A Poem, A Book, and Two Films
A poem by Rumi says, “This is not the real reality. The real reality is behind the curtain. In truth, we are not here. This is our shadow.”
No wonder those of us sometimes in touch with the real reality sometimes feel on the edge of this other one. With the veil parted but only us to see it, no wonder that these other people being so serious about this play of shadows seems strange to us.
I’m reading The Spontaneous Fulfillment of Desire by Deepak Chopra. Early on in the book he says this: “The question is: Would you recognize a miracle if you saw one?” Isn’t that just elegant?! He goes on, “If you recognized it, what would you do? And if you could somehow orchestrate your own miracles, which miracles would you choose?”
What with the flu and it generally being winter, we’ve rented a number of films lately. Some were surprisingly good, like Almost Famous which I didn’t expect much from but thoroughly enjoyed (could have been the Southern Rock in the soundtrack) and Something’s Got to Give for some older romantic comedy since I get so tired of everything being between twenty year olds.

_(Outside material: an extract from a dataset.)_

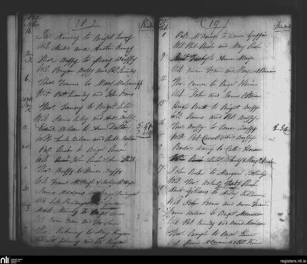 Kilmovee; County of Mayo; Diocese of Achonry. Marriages, Nov. 1829 to Feb. 1830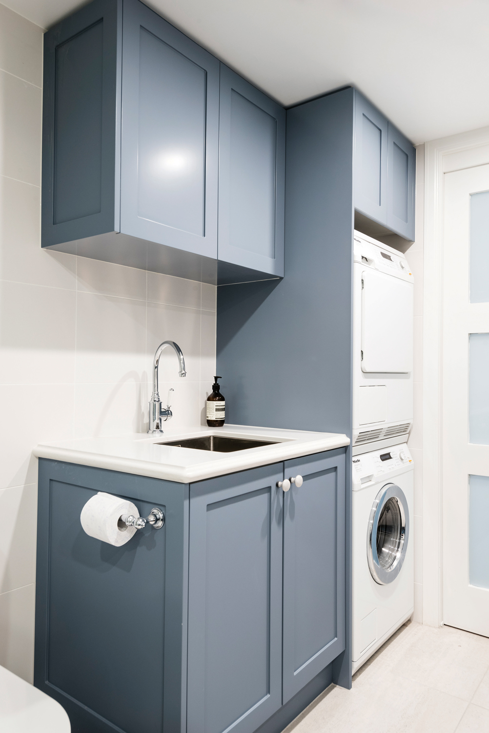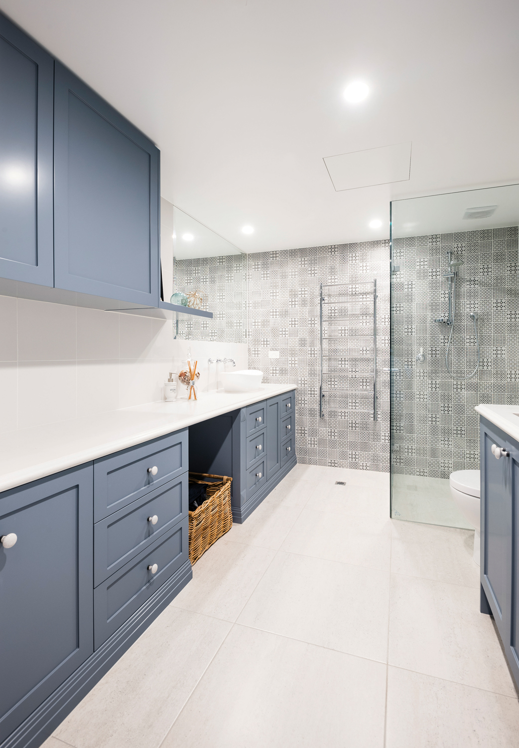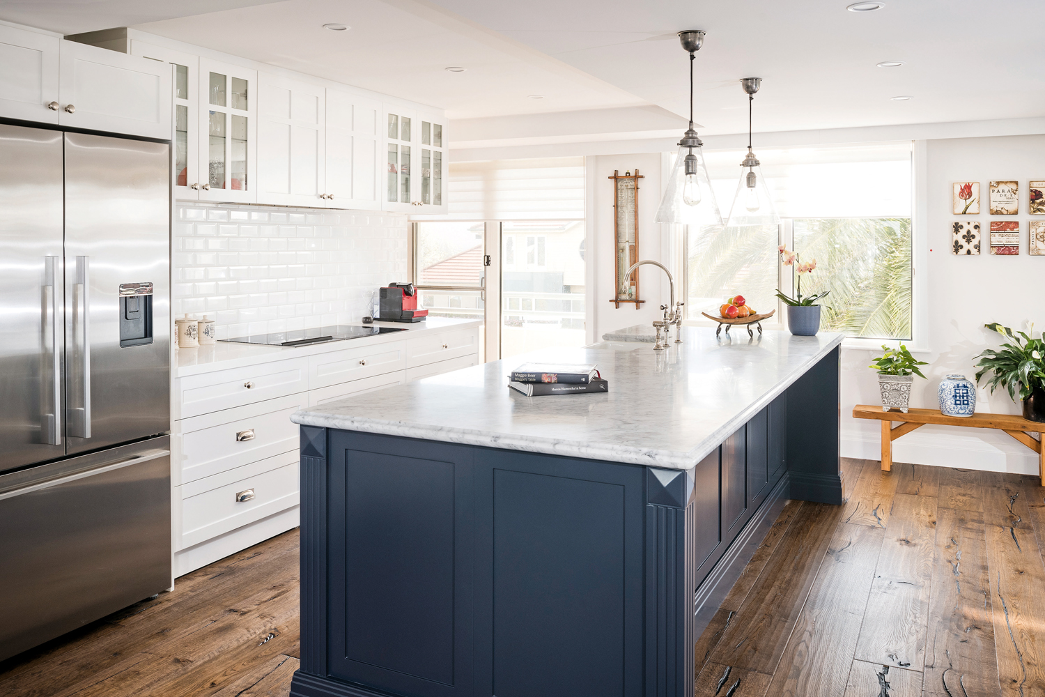 By keeping the colour scheme minimal and using ocean-inspired gunmetal blue for the island bench, a light and airy atmosphere of relaxed beachside living was achieved. Dado panelling was used on cabinets, doors and bench bottoms to really ramp up the Hamptons feel, with the island bench featuring deep-profile forward skirting and diamond-topped pilasters.

Two, however, were very much alike and yet totally different. Lost in Translation got all sorts of good press. It follows two Americans in Tokyo for a few days, exploring their alienation, boredom, longing for connection. Station Agent focuses on three characters in very rural New Jersey who find connection in spite of themselves. The films are similar in how they look at the dailiness of their lives, in how they basically lack any plot, how it is the small things that are highlighted and not the big things films more often go for. They are dissimilar in that Lost in Translation totally sucked wind, was b-o-r-i-n-g – because its people were boring, had no lives or hopes of lives ever anywhere amen. The characters in Station Agent were interesting themselves and so even watching a three car train go by every couple of hours became interesting to do with them. Translation pretends its characters make a connection in the end but all that connects is their lonely longing – it isn’t relieved by any real connection between them. In Station Agent the characters get connected, become friends, even though that is just a small thing, no fireworks, no kisses. But it is real reality. Even for a film. Station Agent is definitely worth seeing.